I was reminded of this last Friday when my daughter’s school did a parade. Afterward, I created a quick video reflection thanking teachers.
None of this is surprising to teachers. However, In the past, I’ve seen media reports scapegoat teachers for having low academic standards and praising reformers who were going to use high-stakes tests to “hold teachers accountable.” When I taught eighth grade, I endured all the “must be nice to have summers off” comments. I heard the snarky cliche that “those who can do, those who can’t teach.” There were moments when I wondered if society actually appreciated our tireless work at all.
But I think this quarantine is proving to the world what those of us in education already know. Teachers are amazing and schools are vital for our communities.
What Society Is Learning About Teachers
- Teachers care deeply. Hop onto social media and you’ll see teachers grieving for the things that they will miss. No field day. No end of the year party. No graduation. No epic project that they were saving for the end. But it goes much deeper than that. Step into the staff video conference and teachers are concerned about specific kids in specific families. They worry about children in dysfunctional or even unsafe spaces. They’re concerned about the chaos and stress at home and what that might mean for the students in their classroom. It’s not an accident that they use the phrases “my kids” and “our kids.” This isn’t pity, either.

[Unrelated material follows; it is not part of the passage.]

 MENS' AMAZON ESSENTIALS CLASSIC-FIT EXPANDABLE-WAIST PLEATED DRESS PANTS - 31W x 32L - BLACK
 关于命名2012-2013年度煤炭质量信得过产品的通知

It’s empathy rooted in relationships. And it’s something teachers are providing for all students. Teachers are partnering with parents to make education work for specific families. I love the fact that we got a phone call from my daughter’s teacher checking in on us and making sure we had technology and wi-fi but also asking about any other systemic support they could offer. From a pedagogy perspective, teachers are driven by kindness. They are providing choices for students. They’re making deadlines flexible and allowing for the re-submission of work.

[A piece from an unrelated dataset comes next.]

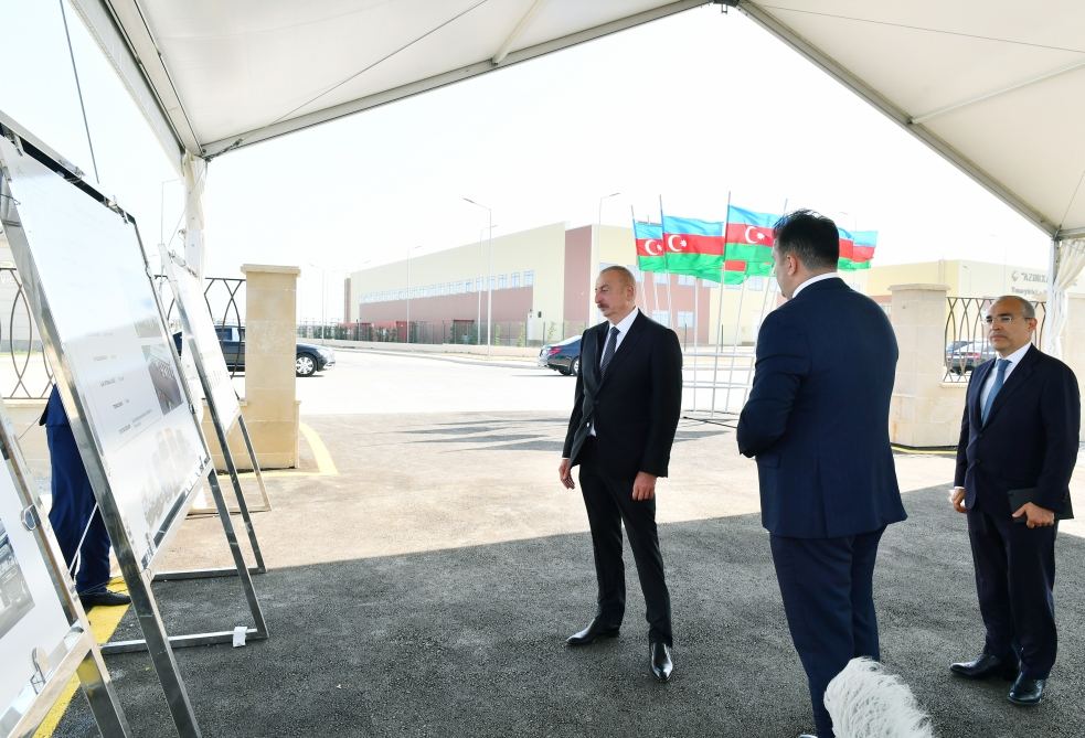 Teleqraf.com xəbər verir ki, dövlət başçısı əvvəlcə Sumqayıt Kimya Sənaye Parkında yeni istehsal müəssisələrinin açılış və təməlqoyma mərasimlərində iştirak edib.

- Teachers are innovative. Call it adaptable or resourceful if “innovation” isn’t your term. But it’s been a grassroots mobilization. I’ve watched teachers form small groups using video conferencing, Voxer, and social media where they check in on one another and problem-solve the challenges they are facing. I’m in a Voxer group right now where folks have been sharing strategies for increasing student engagement in video conferencing. I’m part of three different private Facebook groups where we share resources back and forth. Log into Twitter and you’ll see all kinds of chats where teachers are asking, “What does it mean to teach well from a distance.” They’re having hard conversations about equity and asking what it means to teach in a culturally responsive way online. The context is changing rapidly and the policies are still lagging behind at times. However, teachers are planning, implementing, revising, and iterating at a rapid speed. It’s pretty amazing.

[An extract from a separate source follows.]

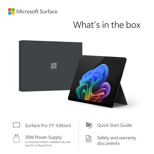 Microsoft Surface Pro (power supply included) | Copilot+ PC | 13” OLED Touchscreen | Snapdragon® X Elite (12 cores) | 16GB Memory | 256GB SSD | Device only | 2024 Model, 11th Edition | WIN 11 | Black
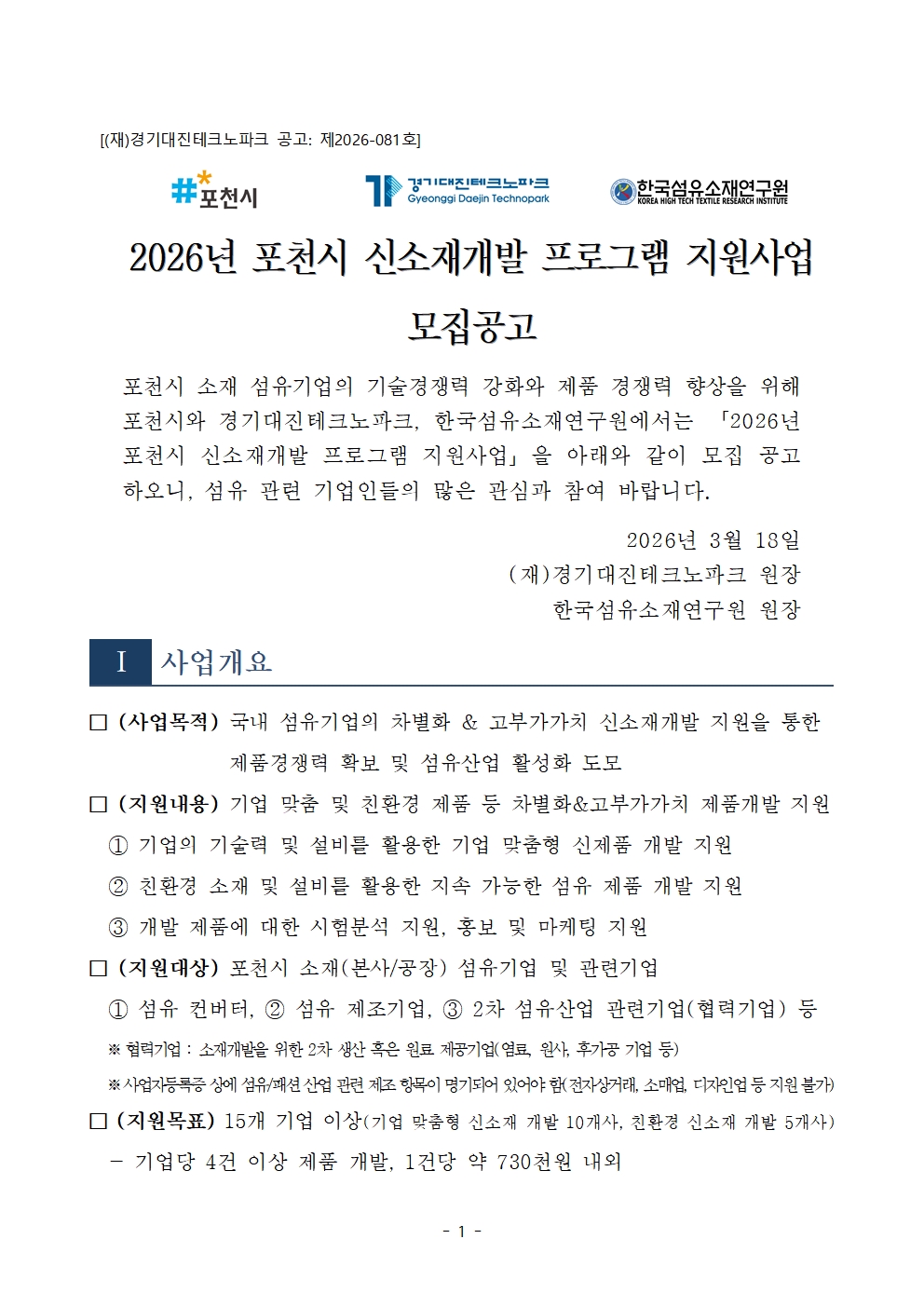 [경기] 포천시 2026년 신소재개발 프로그램 지원사업 모집 공고

- Teachers don’t need “accountability” measures. It was never about the test. Never. For years, I watched education reformers say that teachers had low expectations of students. We were told that if we didn’t embrace high stakes accountability measures, teachers would slack off and coast. Well, the test is gone and teachers are working harder and taking more creative risks than before. Ask any teacher about the stresses of the job and “passing the test” nearly always comes up. I’ve been in meetings where specific teachers were shamed when their students didn’t show high enough growth. In some cases, newspapers even printed the lists of the lowest performing teachers. I watched great teachers burn out, not from the job, but from the test. My hope is that when this period of social isolation is over, we radically rethink the role of standardized tests in education. We don’t have to scrap them entirely. We can use them to get a general snapshot as a nation. But let’s drop the accountability measures. Let’s stop teaching to the test. And let’s give teachers professional autonomy and the permission to experiment with project-based learning.
- A teacher’s job goes beyond providing content. Schools have proven that they are the backbone of the community and teachers have proven that they are more than just content deliverers. I mention this because I’ve already seen tech futurists claiming that this is the “positive disruption” that will “finally replace costly teachers with more effective AI.” That grossly misunderstands the role of the teacher. Teachers are the guides that encourage and inspire critical thinking. They are the architects designing deeper learning. They are the leaders of a classroom community. The sheer number of kids outside cheering during the parade was a reminder that teaching isn’t about content delivery. It’s about relationships.
If you had been there on Friday, it felt like a Super Bowl parade — albeit one from a safe social distance. Kids were screaming and cheering and the teachers were waving and calling students out by name. Amid all the loneliness and isolation, the kids in our neighborhood felt known. And maybe that’s what really matters in the end.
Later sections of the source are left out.